Lebih serius pengamatan dan penilaian itu karena kiranya merupakan bagian dari hasil refleksinya selama menjalani penahanan. Ia kaitkan pendapat itu juga dalam konteks telah satu dasawarsa kita melaksanakan reformasi. Jika lingkungan dan suasana negatif yang akan ditegaskan, bermanfaat sebagai bahan pengalaman untuk menyertakan kerusuhan dan kekerasan yang menyertai pemilu di berbagai daerah. Tentu bisa pula segera dinetralkan pengamatan itu dengan argumen 10 tahun untuk reformasi belumlah waktu yang cukup lama.

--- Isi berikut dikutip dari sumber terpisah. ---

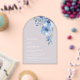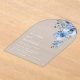 This elegant contemporary wedding invitation features watercolor painted blue flowers and a white serif font on a transparent blue background.

Kita termasuk yang cenderung sependapat dengan analisis anggota KPU pada Pemilu 2004. Kerisauan serupa sering kita lontarkan, bahkan kita bandingkan dengan pengalaman berdemokrasi parlementer dalam tahun lima puluhan. Prosedural dalam karya nyata demokrasi berlaku tidak saja dalam pemilu, juga dalam kerja lembaga-lembaga perwakilan. Prosedur membuat undang-undang, prosedur menyusun anggaran belanja bersama pemerintah, prosedur orasi-orasi dalam sidang. Turun secara periodik di tengah rakyat dengan menghasilkan buah belum tampak. Juga sering dipertanyakan apa persepsi, pengertian, dan praktik yang diberikan kepada tugasnya sebagai wakil rakyat.

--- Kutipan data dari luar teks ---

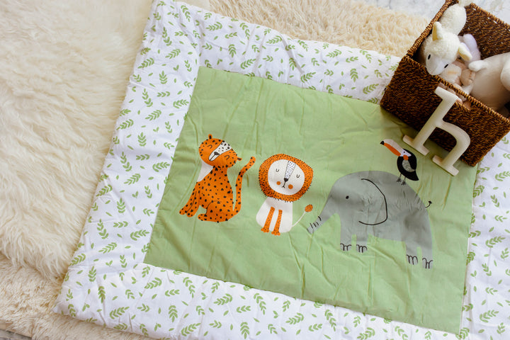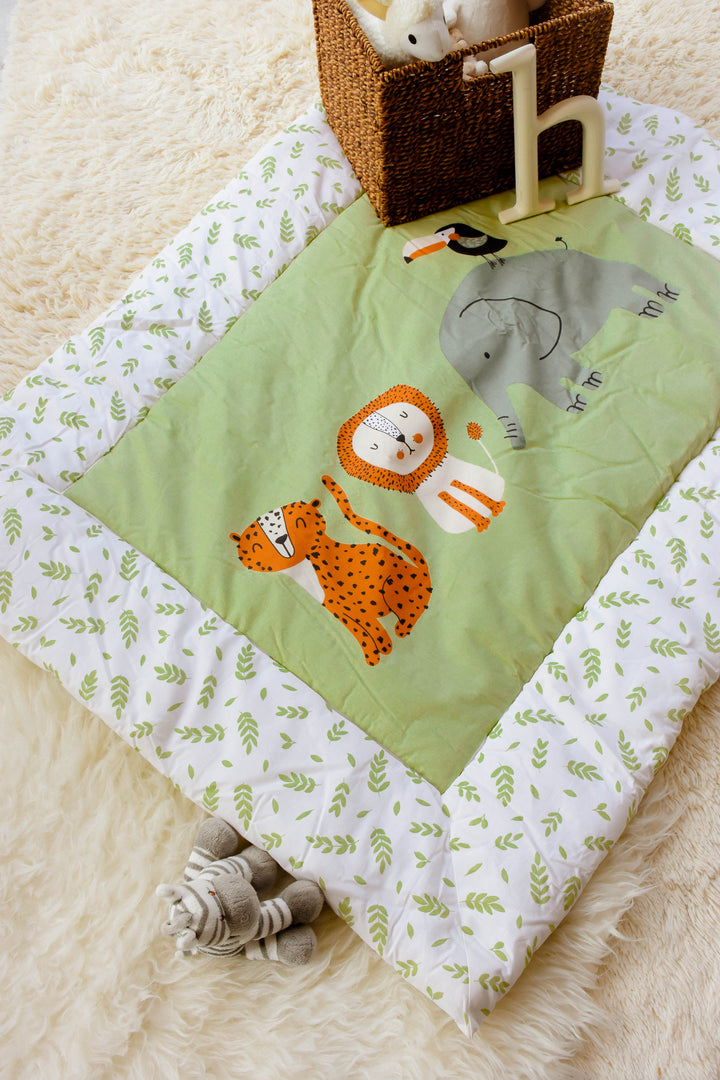 Our safari Playmat in A soothing white and light green patternGender-neutral and perfect for every nursery theme.

Sampai batas tertentu, pengalaman dan jangka waktu 10 tahun bisa merupakan alasan yang sah. Namun, jika melihat gejalanya yang tidak berkurang, justru biasa- biasa saja atau merosot, peringatan itu kita perlukan. Demokrasi prosedural berkembang penuh sebagai demokrasi konstitusional. Posisi dan fungsi wakil rakyat agar semakin bermakna setia kawan dengan kondisi rakyat yang diwakili serta bekerja keras untuk memperbaiki kondisi keterbelakangan, kemiskinan, dan keterpurukan itu. Acap kali tampak dan terkesan lebih kuat, orientasinya mendahulukan kepentingan sendiri. Penghasilan cenderung naik, sementara sidang pleno sampai hati dibiarkan kosong.

Demokrasi bermakna substansial, kekuasaan berada di tangan rakyat, tetapi lewat pemilu kekuasaan itu didelegasikan atau diwakilkan kepada para anggota DPR dan DPRD serta yang mewakili partai duduk dalam eksekutif. Makna perwakilan bahkan berlaku bagi siapa pun yang dalam sistem dan perangkat itu memegang kekuasaan, legislatif maupun eksekutif. Kita pun ikut prihatin karena pengamatan kita juga sampai pada kesimpulan, kekuasaan dalam demokrasi belum diterjemahkan sebagai pengabdian dan pengorbanan. Kekuasaan masih kental berbudaya feodal. Reformasi harus dibuat lebih efektif. Demokrasi presidensial, masakan akan bertambah lagi dengan 74 partai baru.